IDTs in drug discovery
Drug development is costly and slow. The costs include early research and discovery costs through clinical development, regulatory approval, and post-marketing surveillance. Most candidate targets and drugs experience failure in the early stages, contributing significantly to the overall cost of delivering more successful candidates. Therefore, optimising these earlier stages holds transformative potential in the pharmaceutical industry. A strong consensus among experts supports the opinion that the involvement of digital twins in this transformation can be essential110.

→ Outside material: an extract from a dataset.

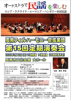 山口県周南市の周南フィルハーモニー管弦楽団の第15回定期演奏会が12日(土)午後2時から周南市文化会館大ホールで開かれる。 今回は、チャイコフスキーの弦楽セ...

The introduction of a specialised form of drug development digital twins (DDDT) has the potential to be a game-changer111. Moreover, we can envision further specialisation of DDDTs based on various tasks in the early drug discovery process. These tasks include 1) identifying targets and their combinations, as well as determining the most promising treatment modalities (encompassing not only small chemical compounds but also antibody-drug conjugates, various types of biologics, and gene or cell therapies); deciding on the level at which the target should be affected (whether directly, through its RNA, or its involvement in protein-protein interactions), 2) experimental target and drug validation, aiding in identifying the most informative experimental systems (such as cell lines or organoids) and experiment designs, 3) repurposing drugs for alternative indications in case of a failure for the primary one, 4) delivering drugs by integrating pharmacokinetic models into the global in silico models of treatment and taking into account safety aspects early in the process, 5) finally, there might be flavours of DDDTs aimed at optimising the process of drug production, with notable examples like Sanofi exploring the use of digital twins for vaccine manufacturing112.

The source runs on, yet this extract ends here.